> **REQUIREMENT**: Where an image appears in the data, omit it and reproduce the rest exactly.

> **DATA EXTRACT**:
***
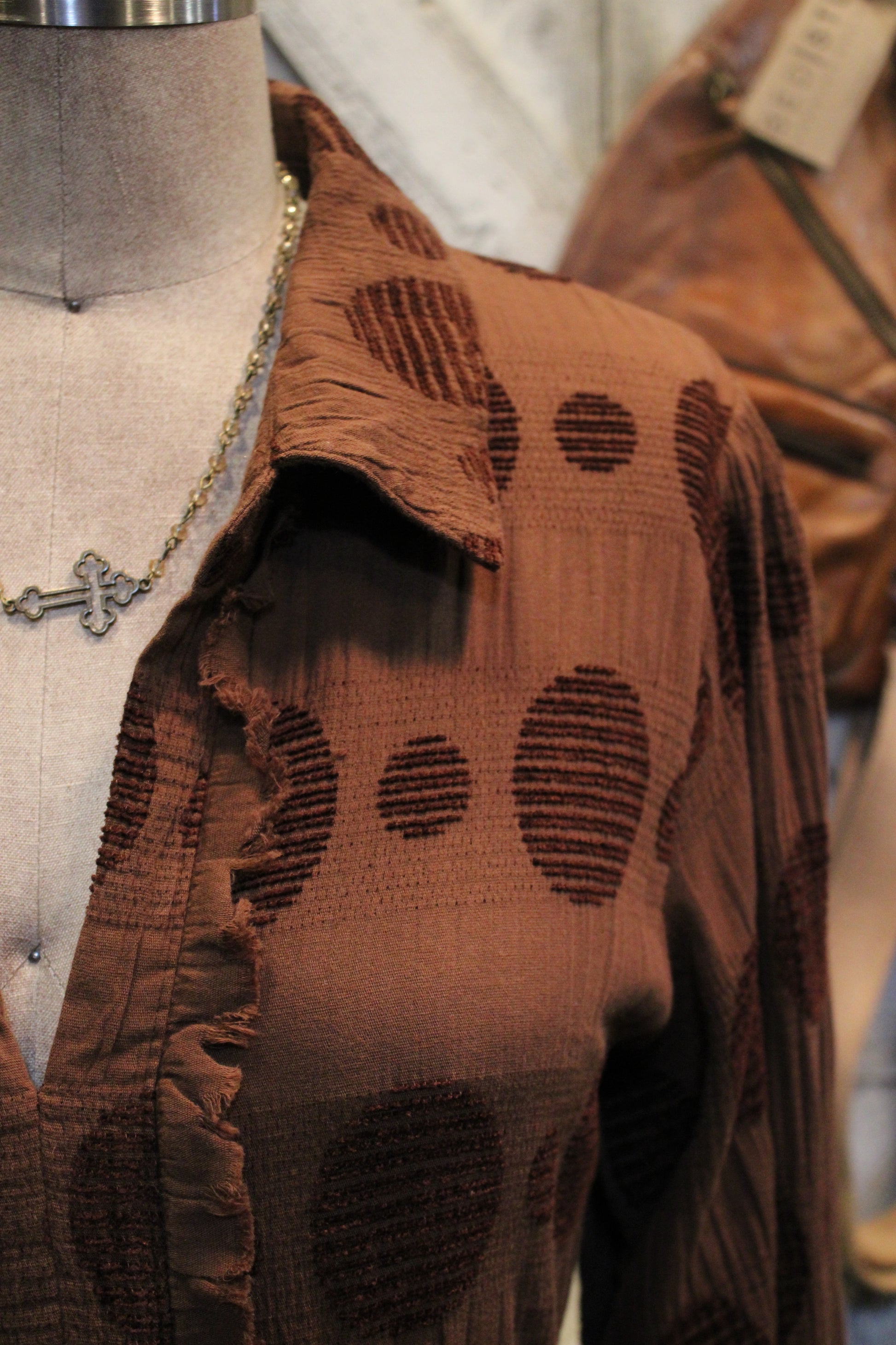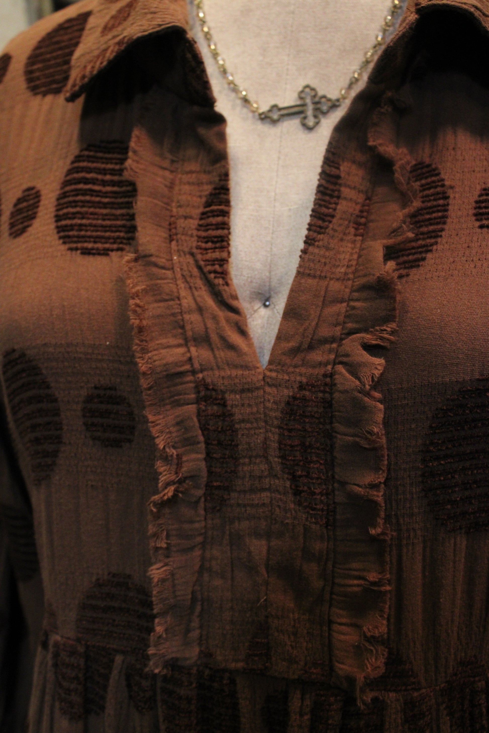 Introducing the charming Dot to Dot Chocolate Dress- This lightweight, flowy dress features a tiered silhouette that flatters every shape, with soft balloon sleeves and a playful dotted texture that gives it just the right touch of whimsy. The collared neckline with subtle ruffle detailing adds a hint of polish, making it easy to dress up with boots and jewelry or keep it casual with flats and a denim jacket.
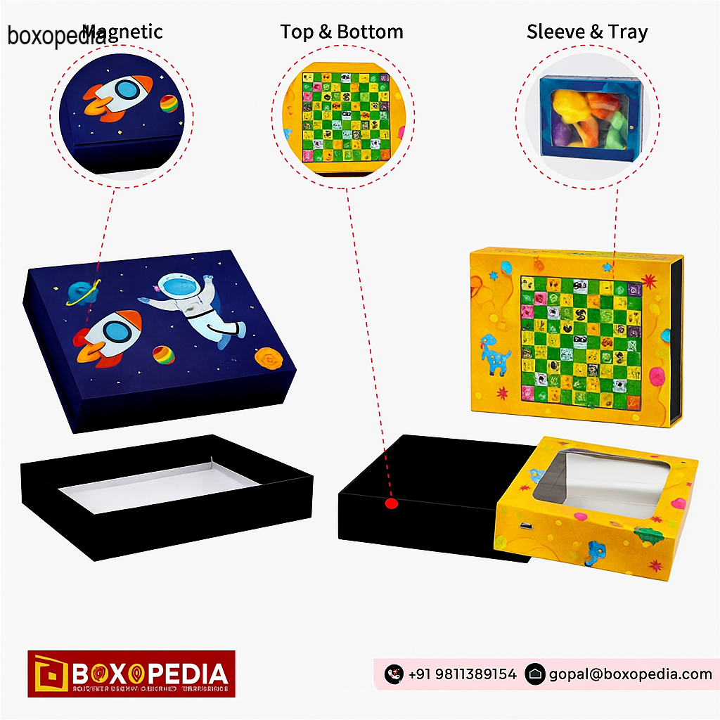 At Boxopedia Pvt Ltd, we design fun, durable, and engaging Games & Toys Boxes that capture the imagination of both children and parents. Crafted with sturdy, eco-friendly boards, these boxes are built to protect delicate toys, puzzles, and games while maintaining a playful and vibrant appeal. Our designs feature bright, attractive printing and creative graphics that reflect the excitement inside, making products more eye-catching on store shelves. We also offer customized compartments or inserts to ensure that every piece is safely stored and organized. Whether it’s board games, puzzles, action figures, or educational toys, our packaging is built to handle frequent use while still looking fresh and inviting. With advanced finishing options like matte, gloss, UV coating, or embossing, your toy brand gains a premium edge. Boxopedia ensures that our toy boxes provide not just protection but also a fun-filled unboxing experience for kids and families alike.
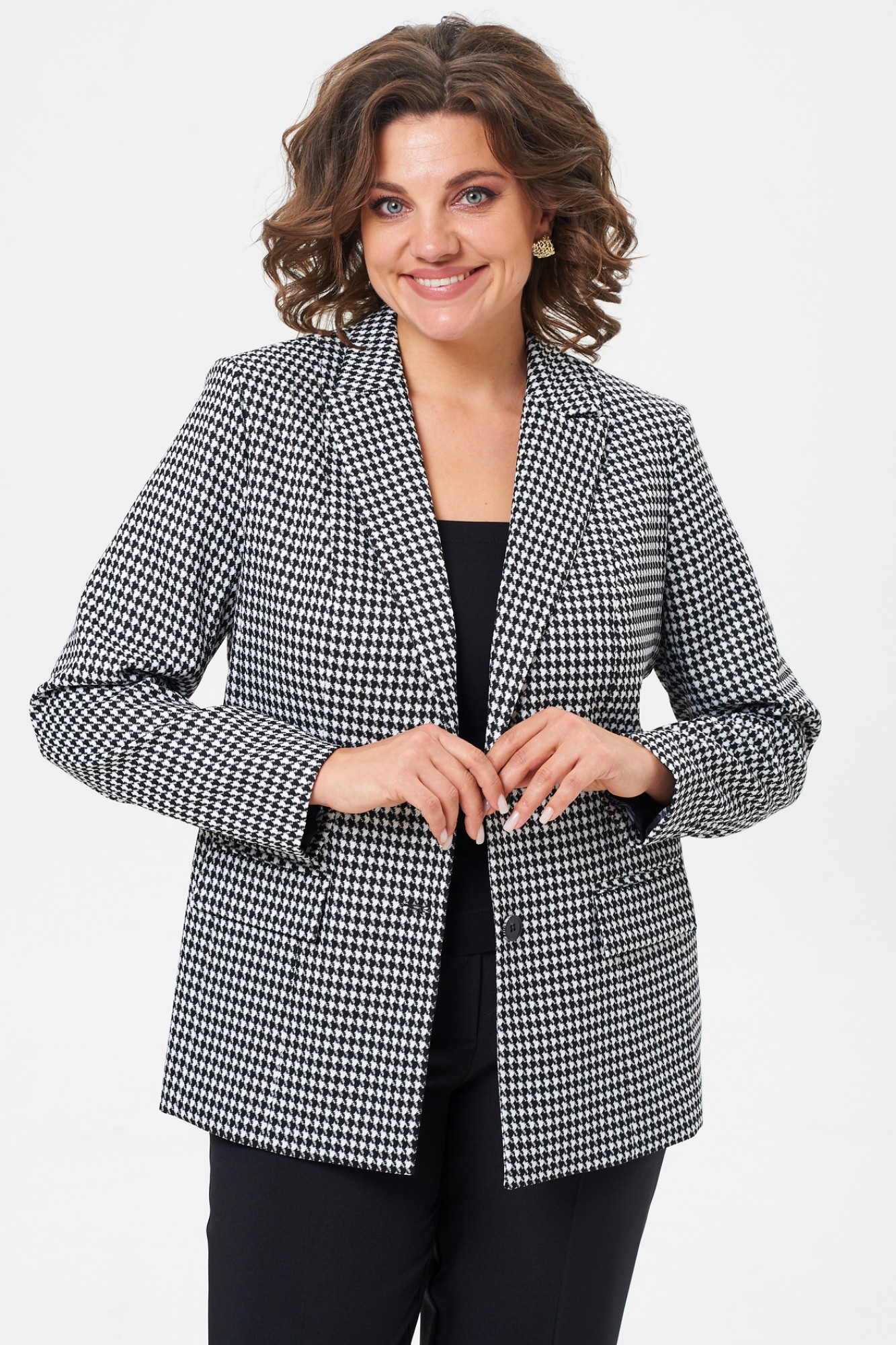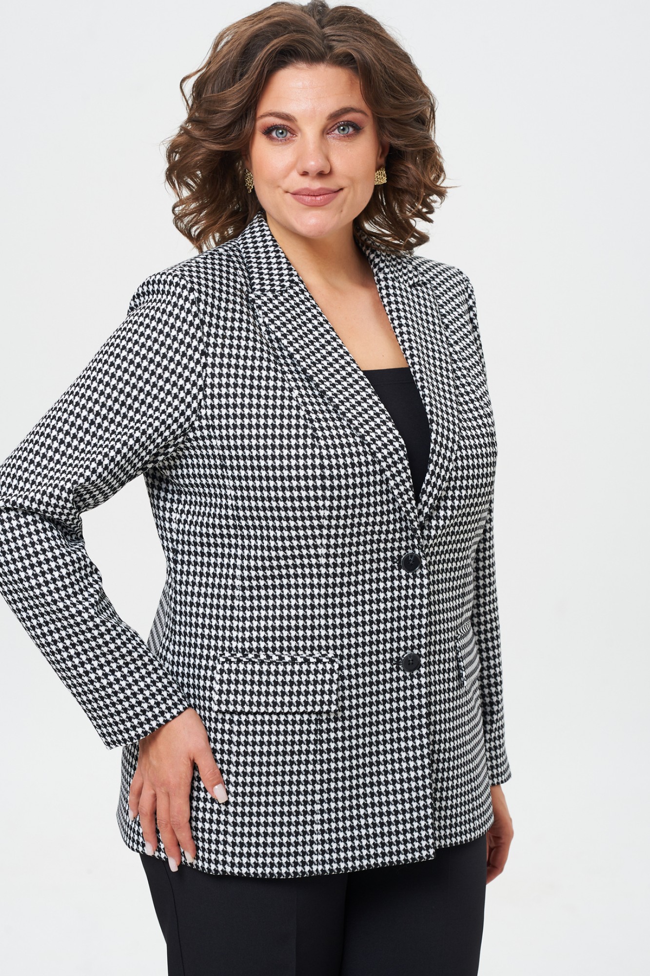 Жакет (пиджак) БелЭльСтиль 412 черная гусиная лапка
***
> **WRITTEN REPLY**:
 Introducing the charming Dot to Dot Chocolate Dress- This lightweight, flowy dress features a tiered silhouette that flatters every shape, with soft balloon sleeves and a playful dotted texture that gives it just the right touch of whimsy. The collared neckline with subtle ruffle detailing adds a hint of polish, making it easy to dress up with boots and jewelry or keep it casual with flats and a denim jacket.
 At Boxopedia Pvt Ltd, we design fun, durable, and engaging Games & Toys Boxes that capture the imagination of both children and parents. Crafted with sturdy, eco-friendly boards, these boxes are built to protect delicate toys, puzzles, and games while maintaining a playful and vibrant appeal. Our designs feature bright, attractive printing and creative graphics that reflect the excitement inside, making products more eye-catching on store shelves. We also offer customized compartments or inserts to ensure that every piece is safely stored and organized. Whether it’s board games, puzzles, action figures, or educational toys, our packaging is built to handle frequent use while still looking fresh and inviting. With advanced finishing options like matte, gloss, UV coating, or embossing, your toy brand gains a premium edge. Boxopedia ensures that our toy boxes provide not just protection but also a fun-filled unboxing experience for kids and families alike.
 Жакет (пиджак) БелЭльСтиль 412 черная гусиная лапка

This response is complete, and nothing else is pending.